- EXERCISE BRIEF -
Repeat every line of the data exactly; the pictures stay out.

- GIVEN INFORMATION -
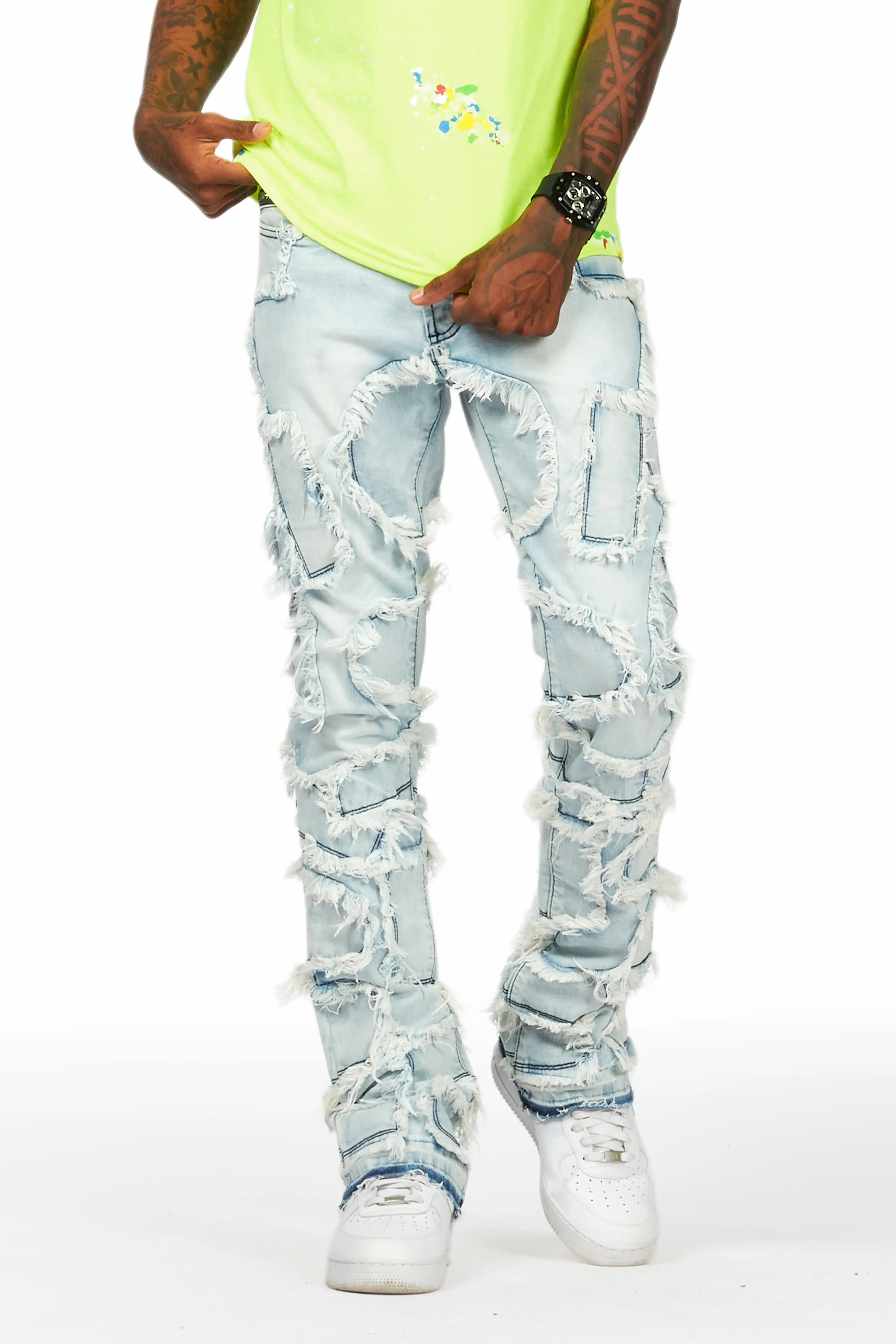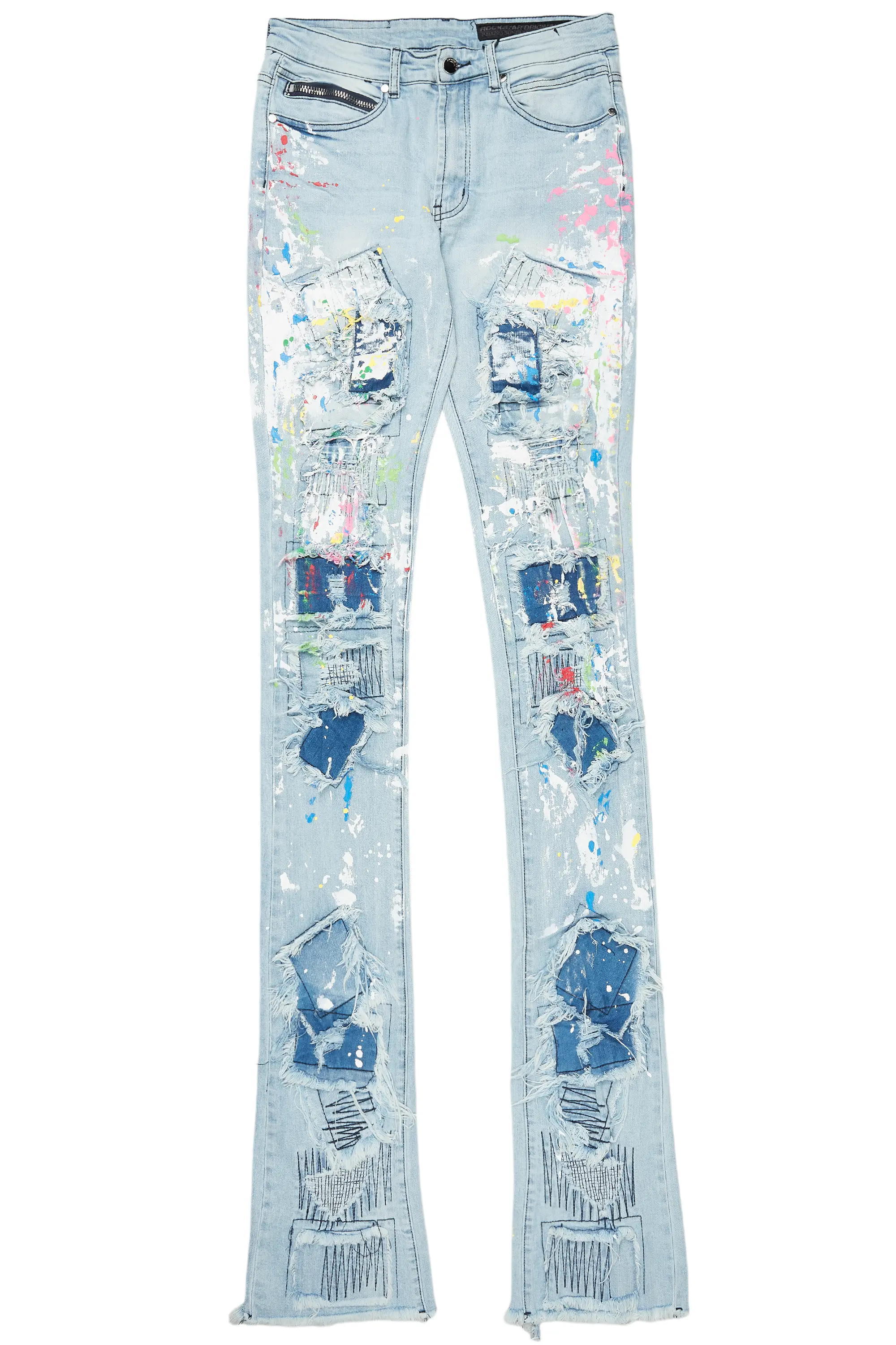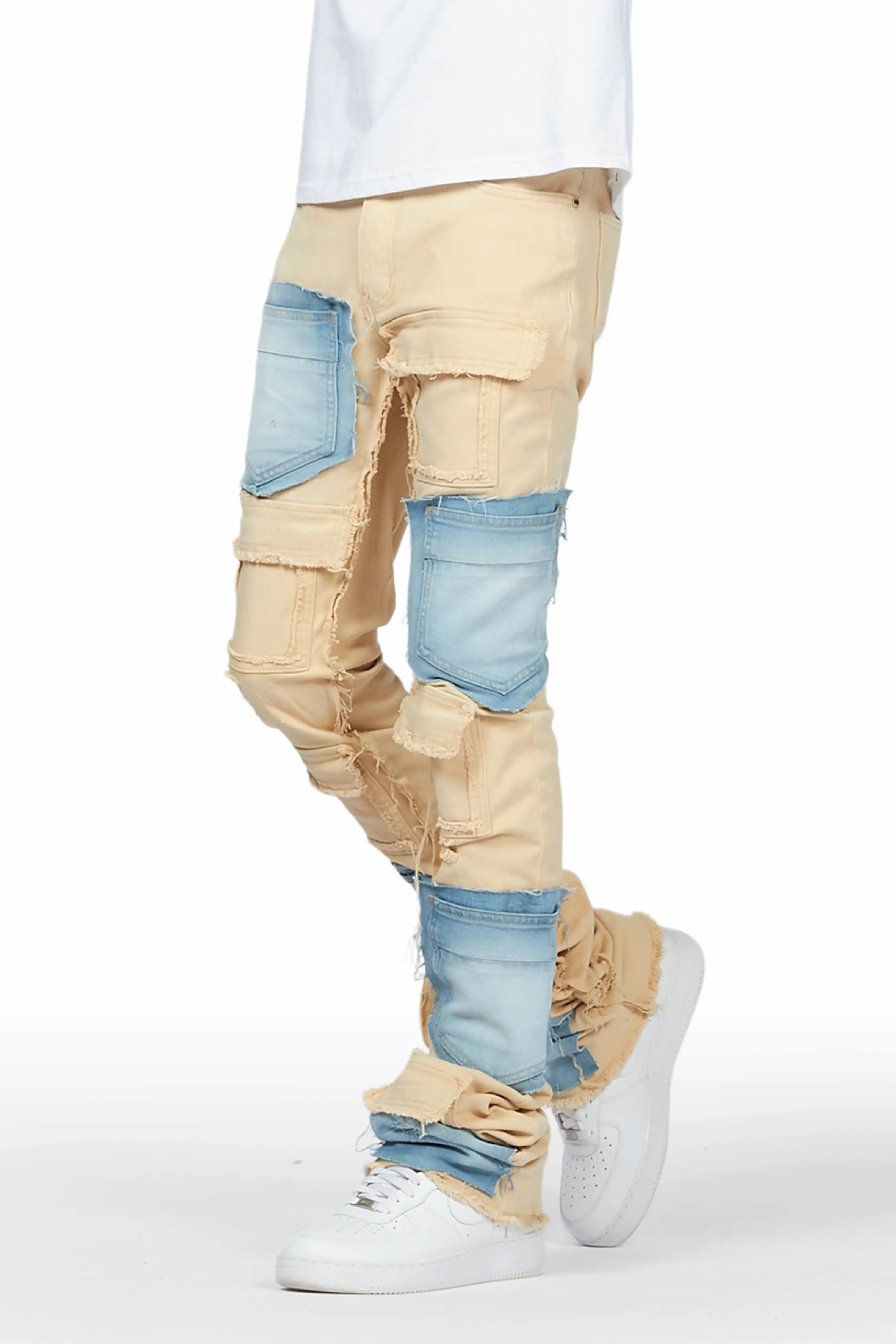 Heath Beige/Blue Patchwork Super Stacked Flare Jean
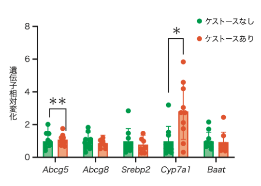 ラットに高脂肪食とケストースを2週間摂取させました。その後、肝臓における遺伝子発現を測定しました。その結果、ケストースの摂取によって胆汁酸合成遺伝子であるCYP7A1の発現が増加しました。
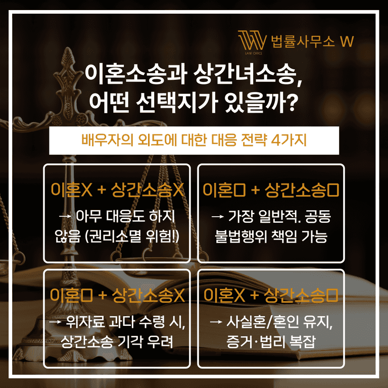 이혼만 하고 상간녀소송은 안 함: 남편으로부터 위자료를 받고 사건을 마무리하는 전략입니다. 다만 추후 상간녀소송을 하려면 위자료 중복을 피해야 하므로 신중하게 접근해야 합니다.

- WRITTEN SOLUTION -
 Heath Beige/Blue Patchwork Super Stacked Flare Jean
 ラットに高脂肪食とケストースを2週間摂取させました。その後、肝臓における遺伝子発現を測定しました。その結果、ケストースの摂取によって胆汁酸合成遺伝子であるCYP7A1の発現が増加しました。
 이혼만 하고 상간녀소송은 안 함: 남편으로부터 위자료를 받고 사건을 마무리하는 전략입니다. 다만 추후 상간녀소송을 하려면 위자료 중복을 피해야 하므로 신중하게 접근해야 합니다.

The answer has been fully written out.